De zon is een van tien triljard sterren in het heelal. Niks bijzonders dus. Als je op een heldere avond naar de sterrenhemel kijkt, zijn al die flikkerende puntjes zonnen. Allemaal brandende gasbollen, heel ver bij ons vandaan.
Dit is het sterrenbeeld Orion. De oude Grieken zagen hier een dappere jager in. Je kunt het ‘s winters goed zien en meteen herkennen aan drie sterren die strak op een rijtje staan. De gordel van de jager. Net onder de gordel vind je een kleine vlek. Je kunt hem met een goede verrekijker vanaf de aarde zien. De Orionnevel.

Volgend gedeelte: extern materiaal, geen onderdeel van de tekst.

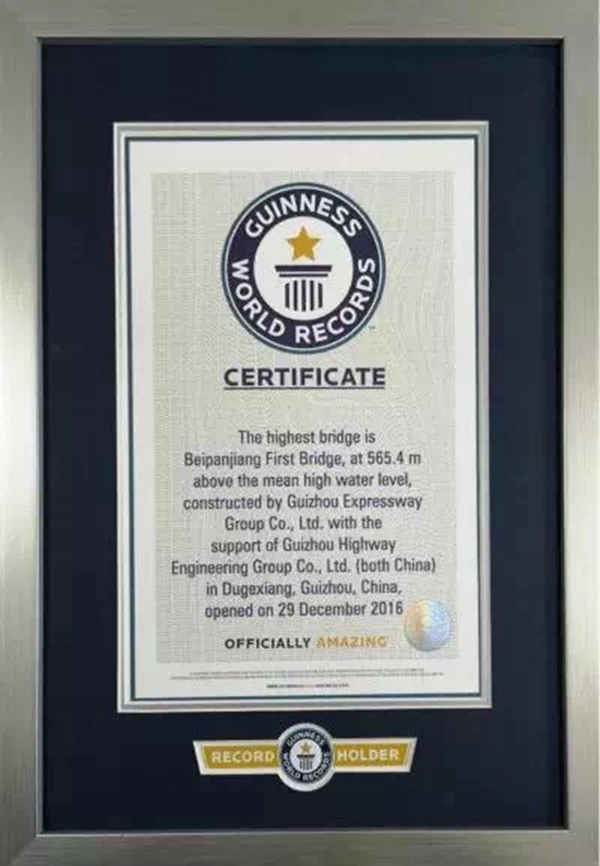 近日,杭瑞高速畢都北盤江(jiang)(jiang)第(di)一橋(qiao),經世界(jie)(jie)紀(ji)錄認證機構(gou)——吉尼(ni)斯(si)世界(jie)(jie)紀(ji)錄有(you)限(xian)公司(si)認證,北盤江(jiang)(jiang)第(di)一橋(qiao)橋(qiao)面距江(jiang)(jiang)面垂(chui)直高度達565.4米,榮(rong)獲“世界(jie)(jie)最高橋(qiao)”之(zhi)稱,載入世界(jie)(jie)紀(ji)錄大全史冊。該橋(qiao)還于2018年榮(rong)獲世界(jie)(jie)橋(qiao)梁界(jie)(jie)“諾貝爾獎”——古斯(si)塔夫(fu)金獎。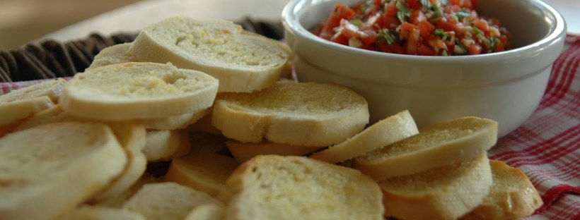 It has changed a bit over the years, as we now have to recruit babysitters for our 6 kids (collectively) and we have pared down the number of new recipes per celebration for the sake of simplicity and stress reduction. But a few things are constant: the meal is always a pleasure to prepare together, the Daves are thrilled to consume it, there is always Bruschetta for an appetizer and a great dessert to end the meal.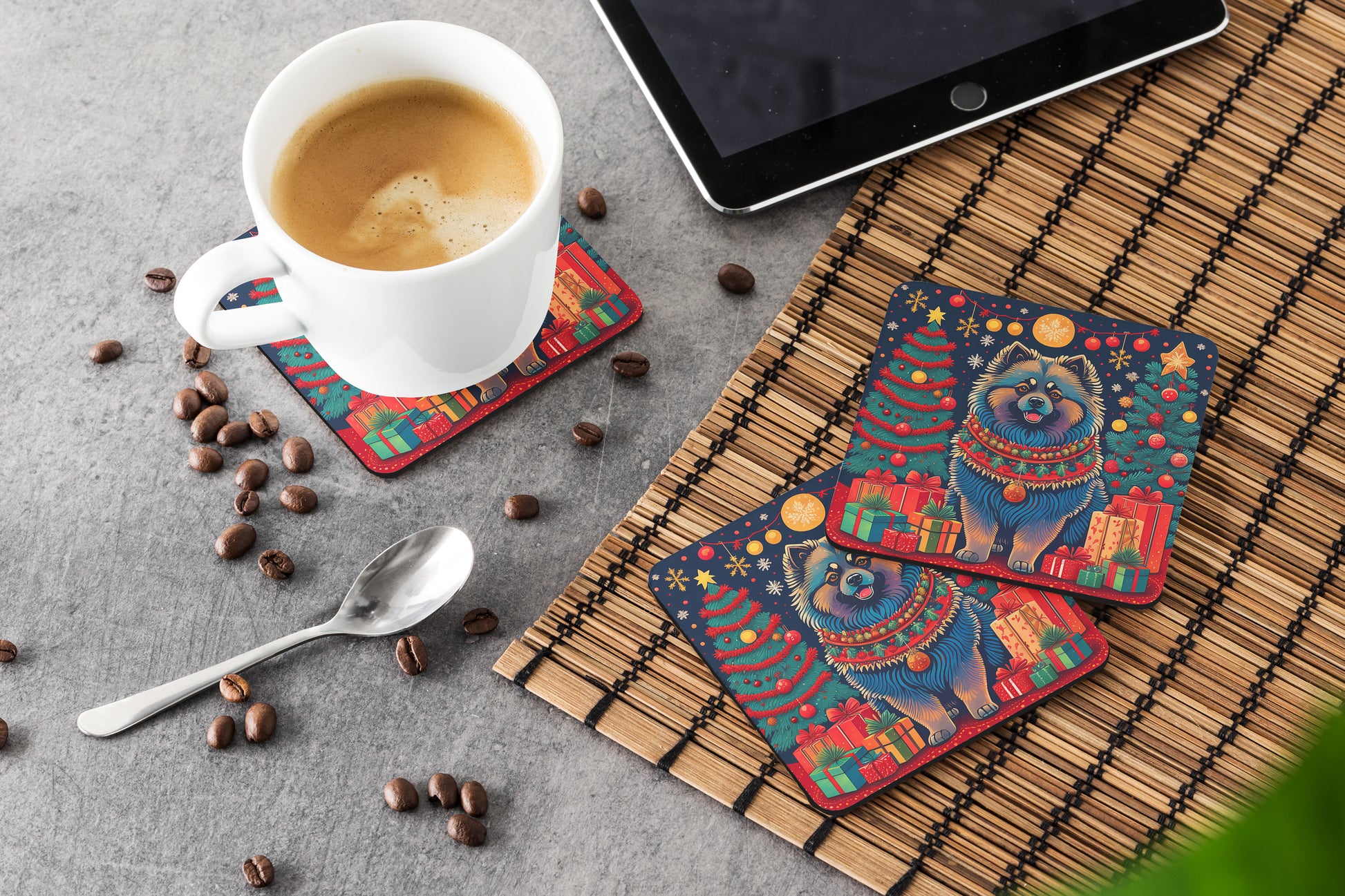 Foam Coasters featuring breed specific Keeshond artwork. Celebrate Christmas with this Christmas Coaster set. Presenting our Set of 4 Foam Coasters, a stylish and practical addition to your table setting. Each square coaster, measuring 3 1/2 inches by 3 1/2 inches, is perfectly sized to accommodate various drinkware, from coffee mugs to tumblers. These coasters stand out with their full-color artwork, permanently dyed onto the material for a vibrant and fade-resistant finish. They're not just functional, they're a fashionable statement, adding a touch of flair to any gathering or event. Our foam coasters serve a dual purpose - they protect your table from water stains and are perfect for both hot and cold drinks. The material used is similar to that of our high-quality mouse pads, ensuring durability and heat resistance. These coasters are easy to maintain - simply wash them in the top of your dishwasher and lay flat to dry. The design won't come off, ensuring they retain their vivid colors for years. Pair them with one of our insulated coolers or huggers for a cohesive, thoughtful gift set. Enhance your beverage experience with our Set of 4 Foam Coasters.

Maar veel beter zie je het met de Hubble. De enorme ruimtetelescoop die al 25 jaar rond de aarde draait en de meest bijzondere en haarscherpe foto’s van het heelal maakt. Ook van de Orionnevel. Als je goed kijkt, zie je allemaal jonge sterren in een groepje bij elkaar.
En nu nog steeds worden in die wolk van gas en stof nieuwe sterren geboren. Net als onze zon 4,5 miljard jaar geleden. De Orionnevel is een kosmische kraamkamer.
Er zijn nog veel meer plekken in het heelal waar sterren worden geboren. Dat is een proces van miljoenen jaren.